Poor starting pitching leads to heavier use of the bullpen, which we already established the Mets did not have a good one. Once Noah Syndergaard went down, the Mets had to forge a patchwork rotation. DeGrom became undisputed ace, and even though he often looked like it, he has been far from spotless posting his highest ERA of his career with a 3.65 at time of writing. The Mets would have to fill the rotation until Steven Matz and Seth Lugo could return from preseason injuries. Around the same time, Yoenis Cespedes returned from the DL and Familia’s suspension would soon end. When they did it looked promising, that perhaps they could make a run at contention. They couldn’t as Matz, after a few great starts, faltered before being placed on season ending DL and another surgery. Seth Lugo has been mired in mediocrity, Cespedes struggled for much of the season before straining his other hamstring and Familia required surgery to remove a blood clot.
At least they still had a solid lineup headlined by all-star Michael Conforto, and some promising prospects. The fans began clamoring to see the crown jewels of a depleted farm system SS Amed Rosario and 1B Dominic Smith. The front office resisted; waiting until August to call them up. Poor play had made the Mets were sellers at the deadline, so gone was Jay Bruce, as were Curtis Granderson, Neil Walker, Addison Reed, Lucas Duda, and essentially any veteran on an expiring contract.
The current Mets team is near unrecognizable to the original squad. Jose Reyes leads the team in plate appearances. Michael Conforto had surgery to repair his shoulder after he dislocated it on a swing, one of those odd injuries I mentioned. Terry Collins contract is almost finished and few expect him back in 2018. Hitting first and second in the order are Jose Reyes and Nori Aoki. The Mets are 19 games under .500 and falling fast. Perhaps worst of all, David Wright got another surgery to repair his broken body in a last ditch effort to come back to the game and team he loves. But how the Mets could have used his leadership this season.
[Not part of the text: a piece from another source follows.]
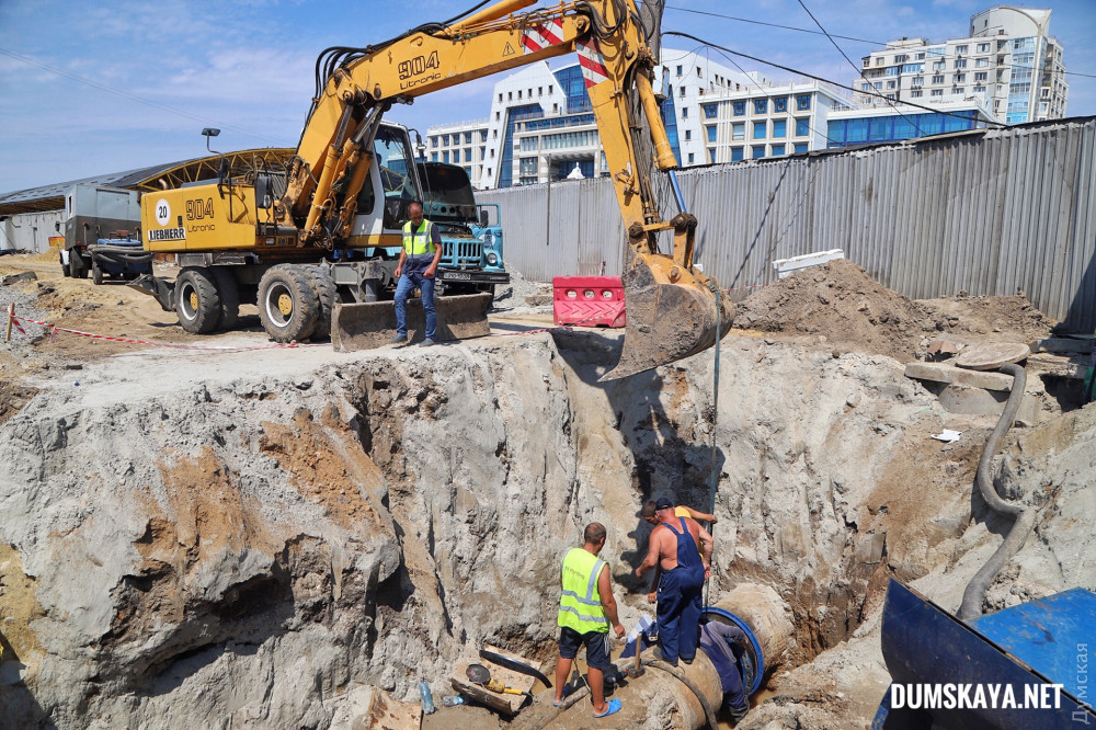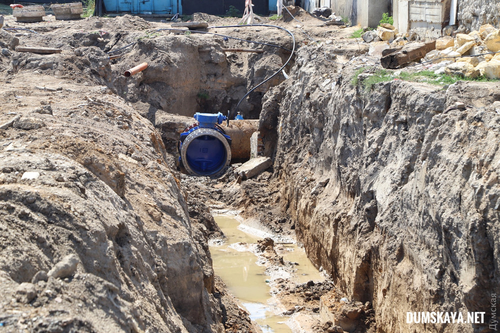 В «Инфоксводоканале» уточнили, что вырезанный рядом большой кусок магистрального трубопровода не имеет отношения к нынешней ситуации. Его поменяют потом, рядом уже ждет своего часа новая пластиковая 50-метровая труба диаметром 900 мм.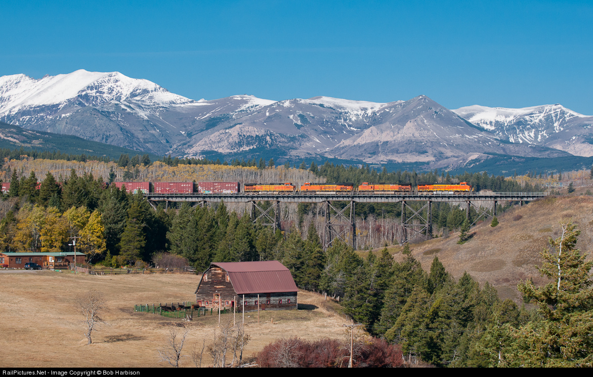 Yet another shot from "Too Many Photos" bridge in East Glacier Montana on the BNSF's Marias Pass Line. Two Medicine Bridge is definitely overshot, but the great weather, fall colors, and the matched power with shiny clean BNSF 7497 make for a nice image.

A stable veteran presence on a young team could have helped a lot. Perhaps Syndergaard gets that MRI with the captain in the clubhouse, maybe not. Maybe Matt Harvey doesn’t get suspended for being hungover with Wright there, maybe he does. Point is, the Mets have been diseased this year. Plagued. One could point to injuries, David Wright’s absence, managerial miscues, just plain bad play or a bitter cocktail of all four. Maybe 2018 will be the year, or maybe it will at least be better.
It has been nearly two years since the Mets played in the World Series, and they could not be further from it this year if the series were played in the icy caverns of Pluto. This 2017 Mets squad really reminds Mets fans, of which I am proud to be, that last year doesn’t matter. Next year can always be worse, but by the same token, it can always be better because… ya gotta believe.